When an earthquake occurs you could get a warning.  The challenge is the rapid detection and classification of earthquake signals given the continuous and variable noise that the Earth generates.  This month the California Legislature unanimously passed a bill that would bring earthquake alerts to the public.  As the interest in providing public alerts grows, the challenges in delivering accurate information as fast as possible are brought into sharp focus.  At the same time, low-cost low-quality accelerometers are becoming prevalent in consumer electronics providing an opportunity for massive expansion of our monitoring efforts.  In this talk we will review the status of earthquake early warning in California and around the world, the challenges that remain, and the opportunities for making use of massive new datasets.

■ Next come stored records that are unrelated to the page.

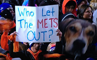 Even in 2015, "Who Let The Dogs Out" was being evoked at sporting events. This Mets fan even brought along his doggie Fathead to go with his sign. The Mets did get by the Cubs, but lost to the Royals in the World Series.
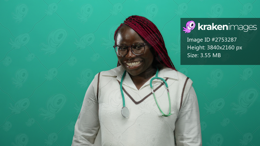 Woman smiling confidently against green background wearing stethoscope, conveying a sense of professionalism and warmth in an isolated setting.
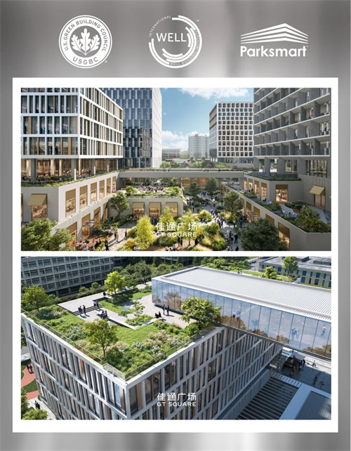 新加坡佳通企业秉持着环保和可持续发展的理念,佳通广场在建设过程中,从环保建筑材料应用、清洁能源利用、和谐生态人文环境建设等各方面同样坚持着这一方向。与此同时,项目获得了 能源与环境设计先锋奖铂金级 LEED V4.1 FOR COMMUNITY预认证、WELL健康社区认证铂金级 WELL COMMUNITY中期认证及绿色智能停车场认证金级 PARKSMART预认证 等多项国际认证证书。
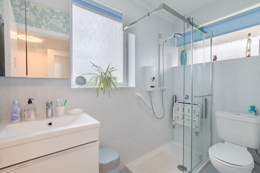 BATHROOM The bedroom for this property is located immediately on the right as you enter through the front hallway. The room here feels clean and well maintained with a plentiful amount of light being ushered in through an obscured glass window. The walk-in shower area is paired well with the stylish white and blue colour scheme, highlighting the modern interior and sleek finishes.
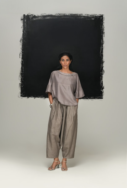 Handwoven mulberry silk top in steel grey hue. Wear it as is for understated charm...

Richard Allen is the Director of the Berkeley Seismological Laboratory and a Professor in Earth and Planetary Science.  His research interests range from 3D imaging of deep Earth processes--processes responsible for the motion of tectonic plates--to rapid detection and classification of surface shaking for real-time information systems, including earthquake early warning. 

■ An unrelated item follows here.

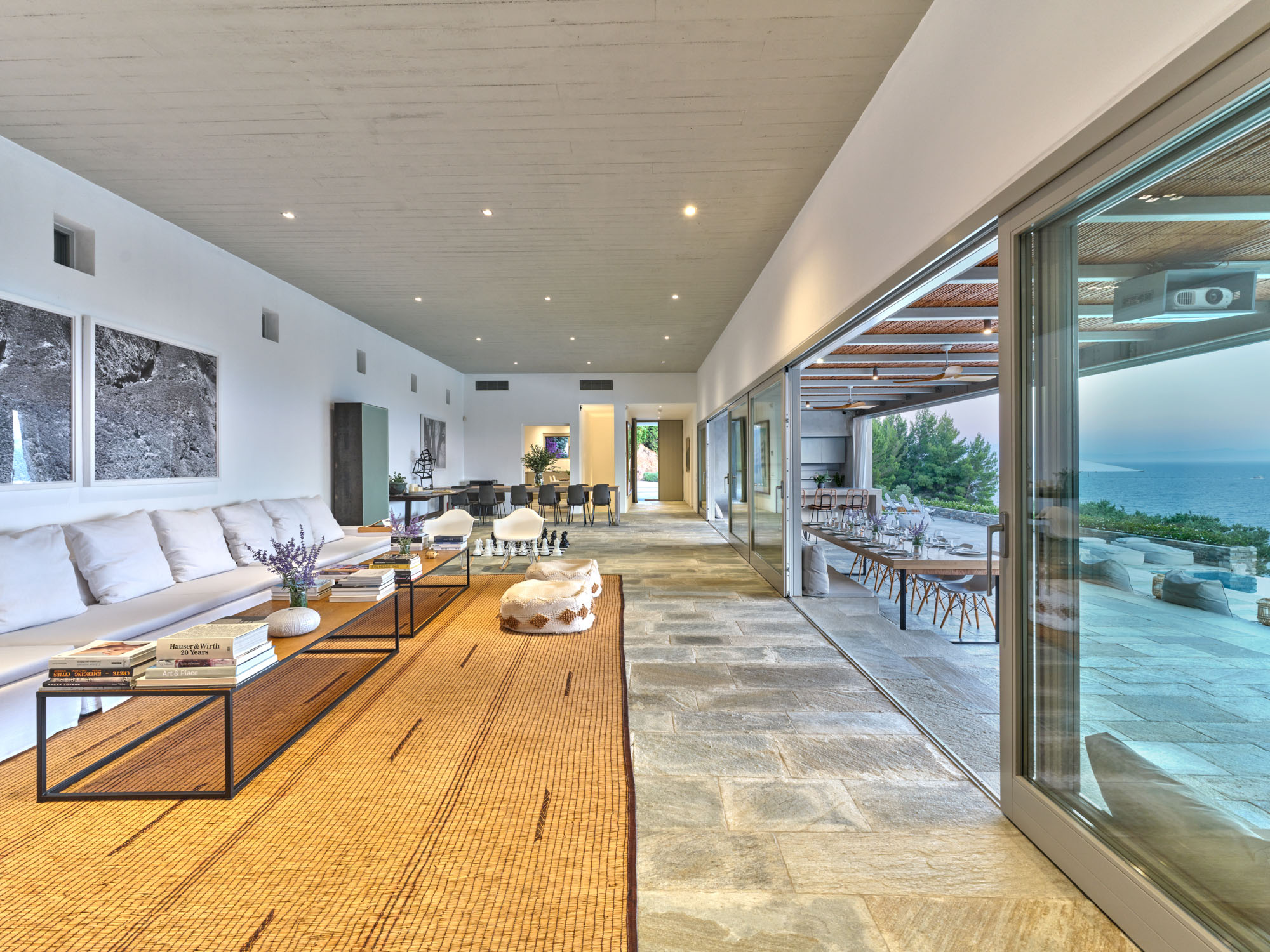 The large open-plan living and dining room has wonderful sea views and lots of light. The uncluttered, minimalist interiors create a calm, restful ambience without sacrificing comfort and welcoming decorative details.

Friday, June 21, 2013, 12 – 1 pm                        View Webcast                       

Extracting actionable insight from dirty time-series data

Speaker: Joshua Bloom

Professor, Astronomy; Director, Center for Time Domain Informatics

Earthquakes. Supernovae. Social unrest. Traffic accidents. Smart thermostats. They all generate noisy and incomplete streaming sensor data that require some form of action to be taken on the resultant inferences.  But how do researchers with domain expertise build the capability to generate actionable inferences when such tools often require cutting-edge frameworks from statistics and computer science?  If you're a domain scientist, who do you turn to for collaboration? If you are in statistics or EECS what do you get out of such collaborations? Bloom's lecture addressed these questions and discussed the practice of collaboration around time-series data on campus and beyond.Professor Bloom's presentation was followed by a panel discussion with Richard M. Allen, Professor, Earth and Planetary Science, Berkeley Seismological Lab; Michael Silver, Professor, Optometry and Vision Science and Neuroscience, School of Optometry and Helen Wills Neuroscience Institute; and Philip B. Stark, Professor and Chair, Statistics. The panel was moderated by Fernando Perez, Henry H. Wheeler Jr. Brain Imaging Center.

Joshua Bloom is a Professor of Astronomy and serves as the Director of the Center for Time-Domain Informatics. His research focuses understanding the nature of explosive transient phenomena.